Data below:
==============================
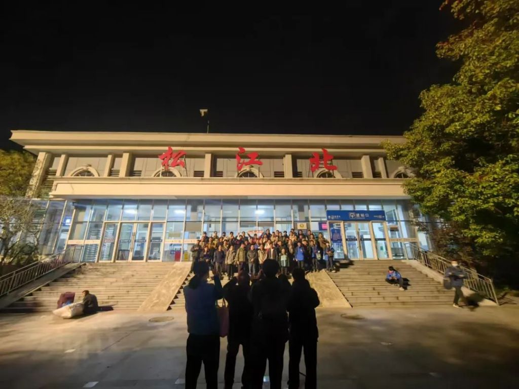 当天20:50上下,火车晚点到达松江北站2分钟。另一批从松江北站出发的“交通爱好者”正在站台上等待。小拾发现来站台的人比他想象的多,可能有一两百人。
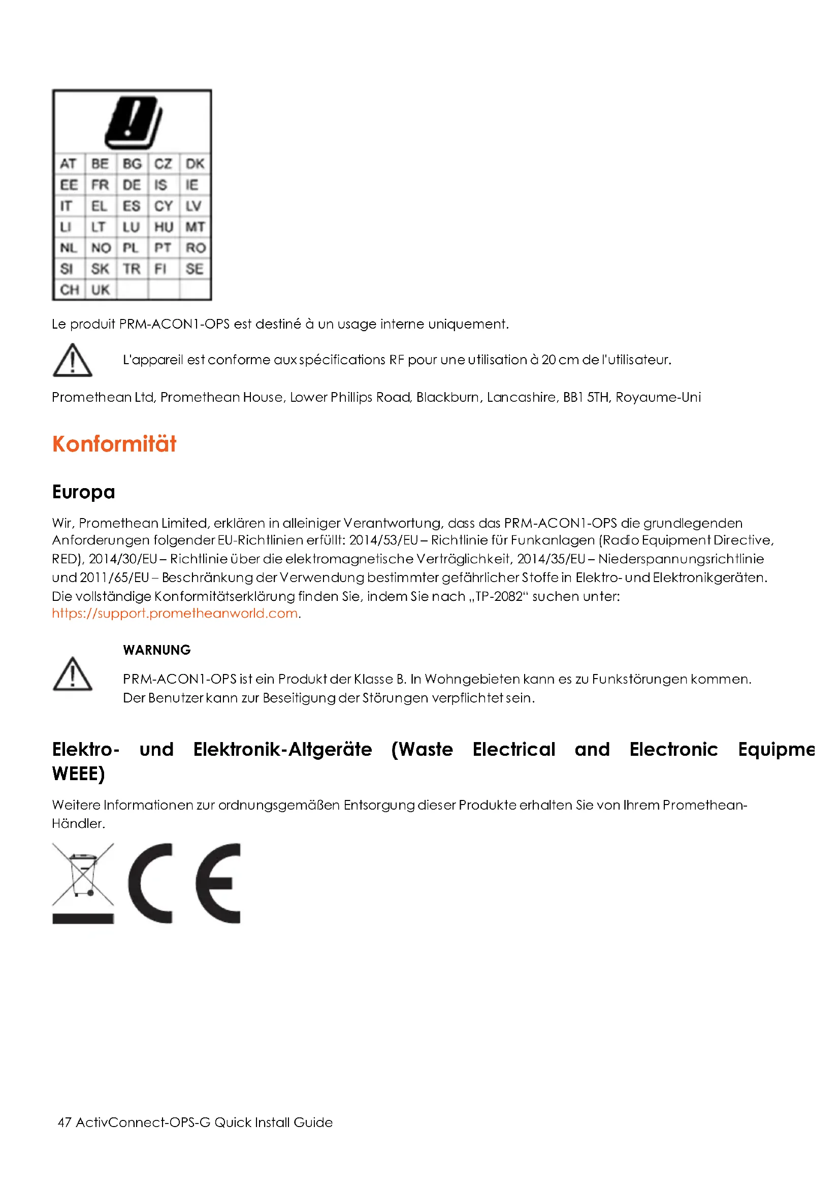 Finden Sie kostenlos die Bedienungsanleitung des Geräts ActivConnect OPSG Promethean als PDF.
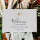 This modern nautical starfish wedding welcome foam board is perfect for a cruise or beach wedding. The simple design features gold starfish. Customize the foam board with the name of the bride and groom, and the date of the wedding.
==============================
Try it: Output the listing above exactly, excluding all pictures.

Expected answer:
 当天20:50上下,火车晚点到达松江北站2分钟。另一批从松江北站出发的“交通爱好者”正在站台上等待。小拾发现来站台的人比他想象的多,可能有一两百人。
 Finden Sie kostenlos die Bedienungsanleitung des Geräts ActivConnect OPSG Promethean als PDF.
 This modern nautical starfish wedding welcome foam board is perfect for a cruise or beach wedding. The simple design features gold starfish. Customize the foam board with the name of the bride and groom, and the date of the wedding.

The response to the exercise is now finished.